The Prime Minister: I am grateful to the hon. Gentleman for drawing attention to our posters that indicate that we now have lower income tax, higher living standards and lower unemployment, and that that has come about directly as a result of policies that we have followed over the past few years as the Government. I am glad that he draws attention to those advertisements. I hope that everybody will see them.


Q3. Sir Irvine Patnick: To ask the Prime Minister if he will list his official engagements for Thursday 28 November.

The Prime Minister: I refer my hon. Friend to the reply that I gave some moments ago.

Sir Irvine Patnick: I thank my right hon. Friend for his reply. Is he aware that Sheffield city councillors have increased their council allowance by 200 per cent., that Sheffield city council spends £350 per pupil on education administration, whereas other metropolitan authorities spend only £250, and that Labour Members of Parliament get free accommodation from Sheffield city council? Is he also aware that Silverdale school in my constituency, which is in need of urgent repair, has been informed that there is no money for such repairs? Does not that show how Labour runs Sheffield city council and how it would run the country?

The Prime Minister: The more Opposition Members barracked my hon. Friend, the more it was clear that he had hit a bull’s-eye by pointing out the way the Labour party behaves in local government. He mentioned Sheffield. Certainly it is one of the councils that have failed to collect millions of pounds of council tax.

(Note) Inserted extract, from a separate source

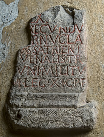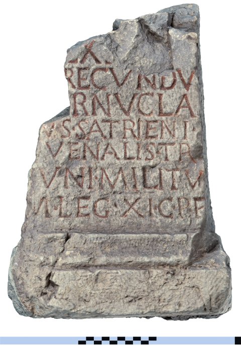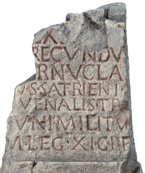 - ---]las?[---] / [Ve]recundu[s] / [c]ornucla/[ri]us Satrieni / [Iu]venalis tr/[ib]uni militu/m leg(ionis) XI C(laudiae) P(iae) F(idelis)

Mr. Prescott: What about Westminster?

The Prime Minister: The right hon. Gentleman mentions Westminster–but he neglects to mention Southwark, Leeds, Newham, Camden, Bristol, Liverpool, Manchester, Birmingham and Lambeth, all of them Labour councils over many years or dominant Labour under no overall control. What is it they say about Labour?

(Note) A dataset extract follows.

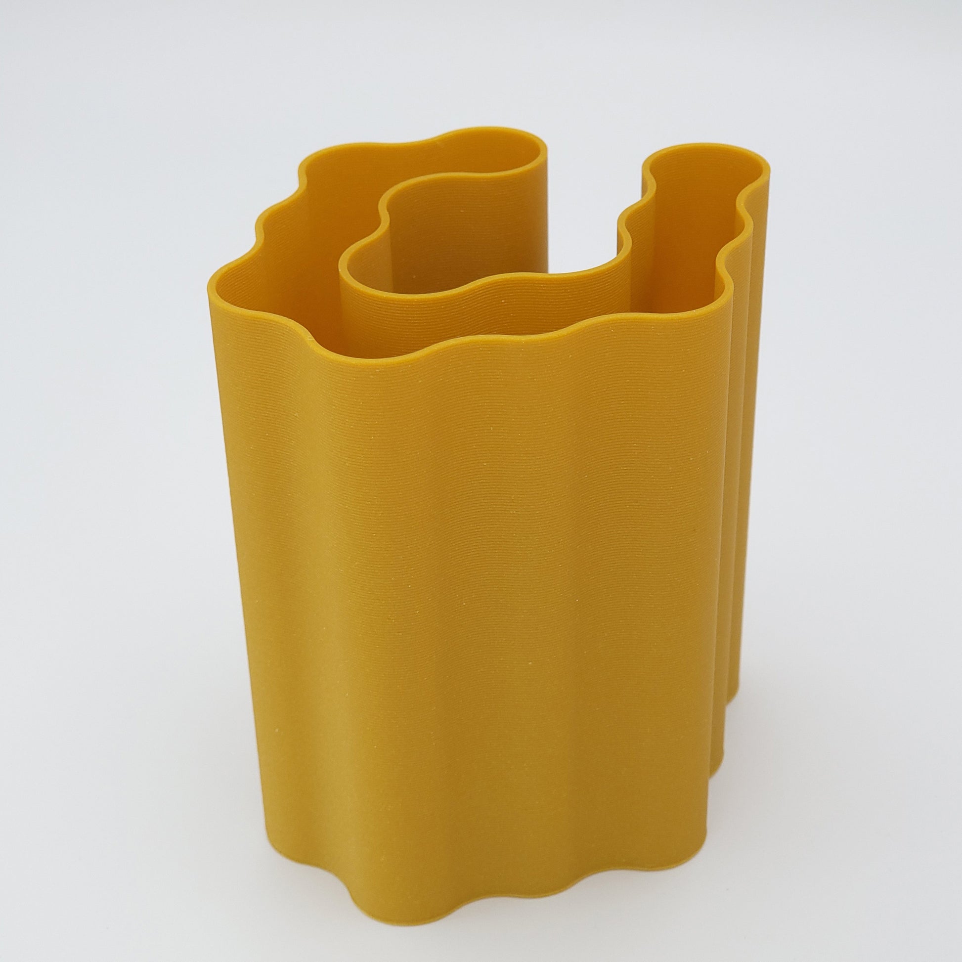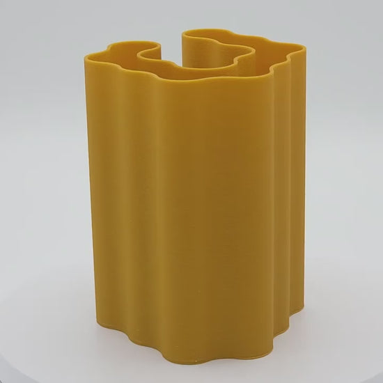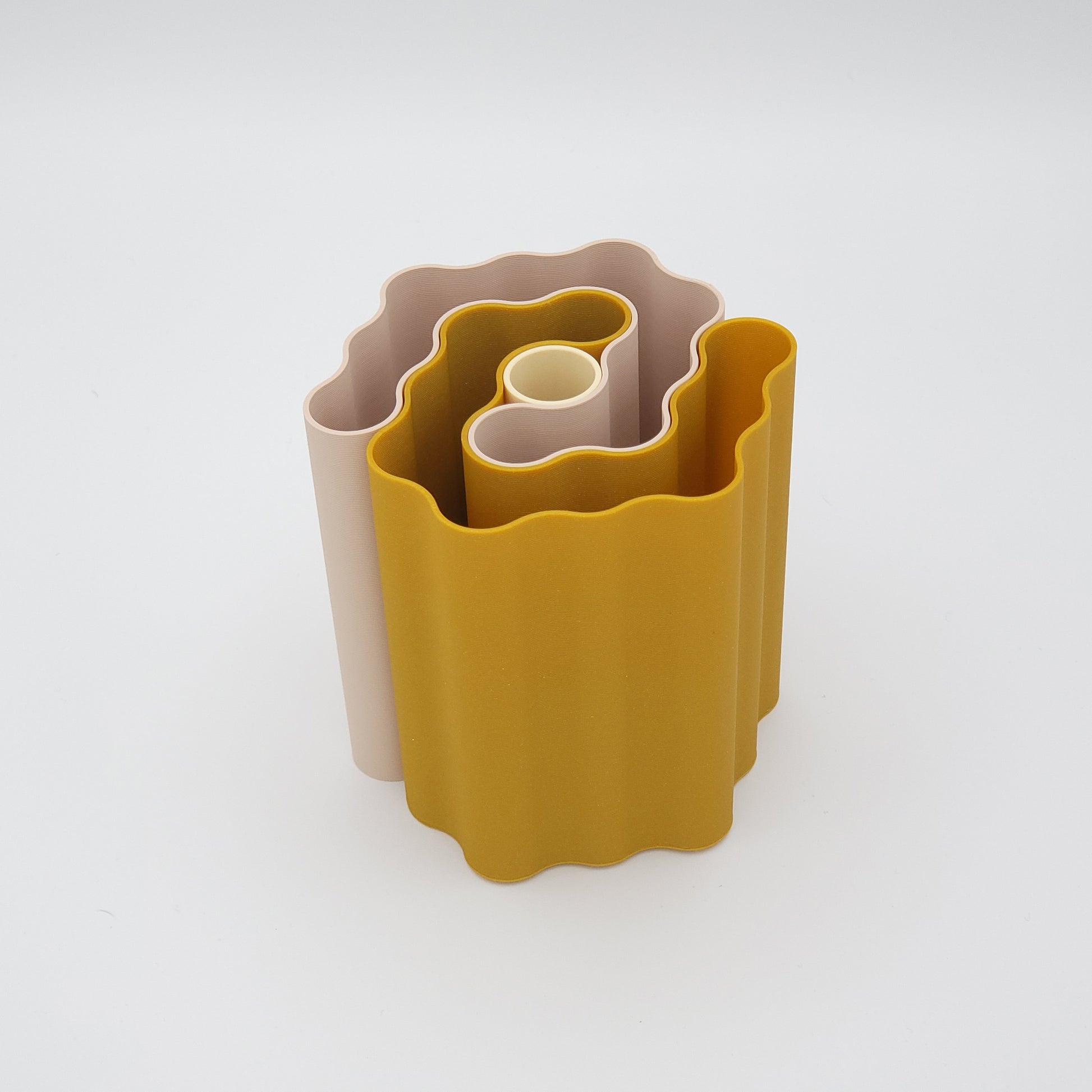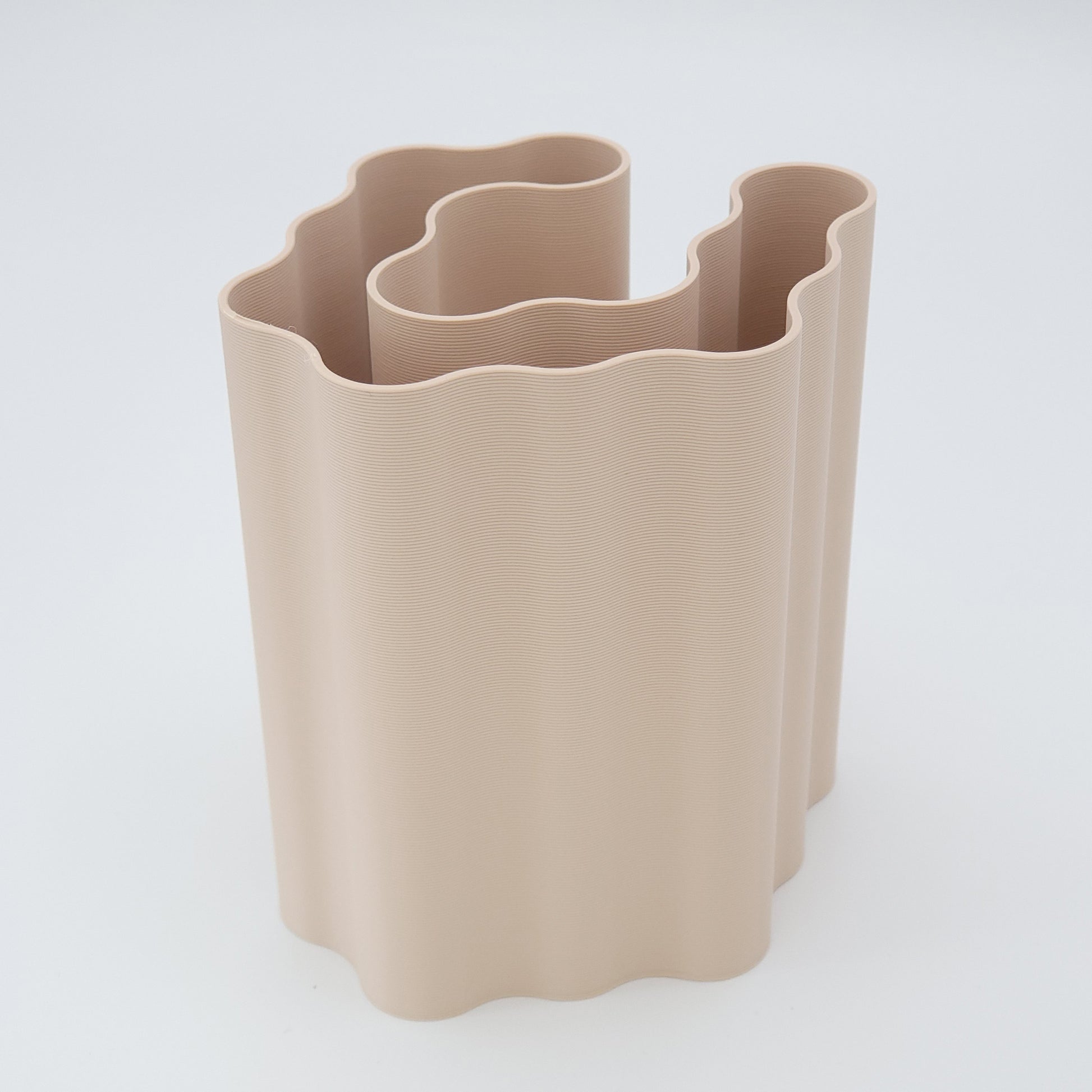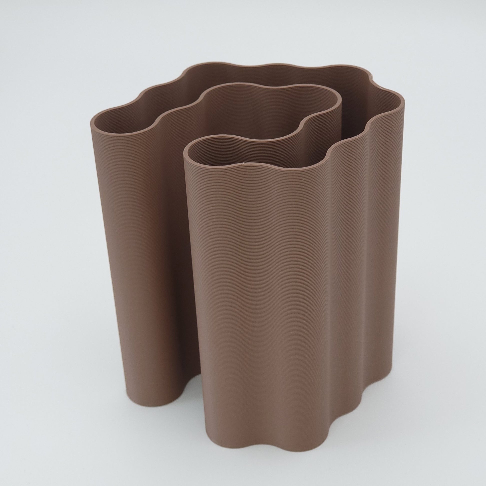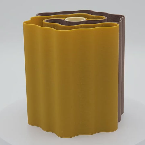 Ce pot à crayons est constitué de trois parties : deux parties principales (de forme parfaitement identique) imbriquées de teinte marron, beige ou or et une partie centrale couleur crème.

“New Labour in local government offers excellence and efficiency.”

Those are not my words, but the words of the right hon. Member for Sedgefield (Mr. Blair).


Q4. Mr. Barnes: To ask the Prime Minister if he will list his official engagements for Thursday 28 November.

The Prime Minister: I refer the hon. Gentleman to the reply I gave some moments ago.

Mr. Barnes: As a matter of statistical integrity, will the Prime Minister confirm what he sought to avoid in answering my right hon. Friend the Leader of the Opposition–that page 88 of the Red Book, which deals with total taxation and national insurance contributions, shows that there is an increase year by year over the next five years in the amount that will be paid out as a percentage of gross domestic product? Will he be honest?

The Prime Minister: As I said to the right hon. Member for Sedgefield and other hon. Members earlier, that is the impact of more people working and being paid more, and of fiscal drag. Those are the facts that the hon. Gentleman does not understand. The reality is that people have more net income in their hands than they have had at any time in the past, and living standards are rising. However he tries to muffle reality, he cannot hide from that fact.